I am about to leave the country to work abroad. But I am having doubts about leaving because my recruitment agency told me that there will be changes in my contract. When I asked why, the manager told me that the foreign employer requested the changes. May I ask if my recruitment agency can make last-minute changes? Can I sue the recruitment agency? If so, what case can I file?
Overseas employment contracts are submitted to the Department of Labor and Employment (DoLE) for approval. Once approved, the terms and conditions of the contract cannot be changed to the detriment of the overseas Filipino worker without the approval of the Labor department. Otherwise, there will be contract substitution.
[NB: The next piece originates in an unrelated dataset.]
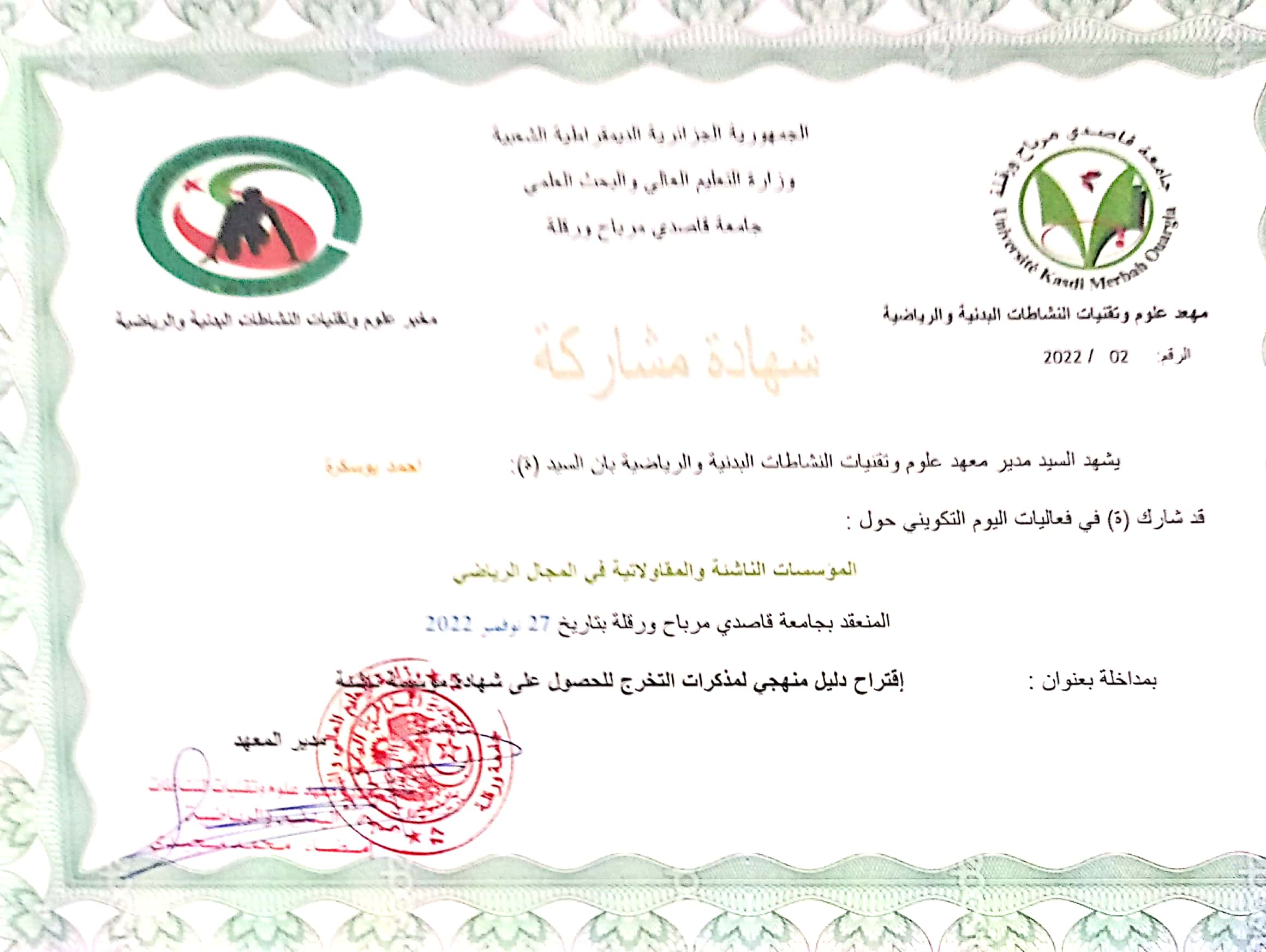 M. BOUSEKRA Ahmed, (2024-03-02), "المؤسسات الناشئة في الميدان الرياضي "نحو بيئة للاستثمار الرياضي في الجزائر"", [national] كيف تعد مشروعا مبتكرا من الفكرة الى التجسيد ؟ , 2جامعة سطيف
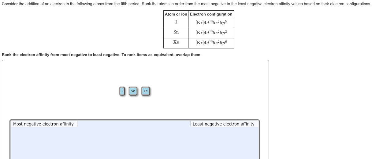 And that's because so does the nuclear charge the effect of nuclear charge. Arrange the following elements from greatest to least tendency to accept an electron. To rank items as equivalent, overlap them answer:

Such practice is expressly prohibited by law and is classified as a form of illegal recruitment.
The Migrant Workers and Overseas Filipinos Act of 1995 defines illegal recruitment as follows:
“For purposes of this Act, illegal recruitment shall mean any act of canvassing, enlisting, contracting,
transporting, utilizing, hiring or procuring workers and includes referring, contract services, promising or advertising for employment abroad, whether for profit or not, when undertaken by non-licensee or non-holder of authority… It shall likewise include the following acts, whether committed by any person, whether a non-licensee, non-holder, licensee or holder of authority:
(i) To substitute or alter to the prejudice of the worker employment contracts approved and verified by the Department of Labor and Employment from the time of actual signing thereof by the parties up to and including the period of the expiration of the same without the approval of the Department of Labor and Employment;” (Sec. 6 (i), Republic Act 8042 as amended by RA 10022)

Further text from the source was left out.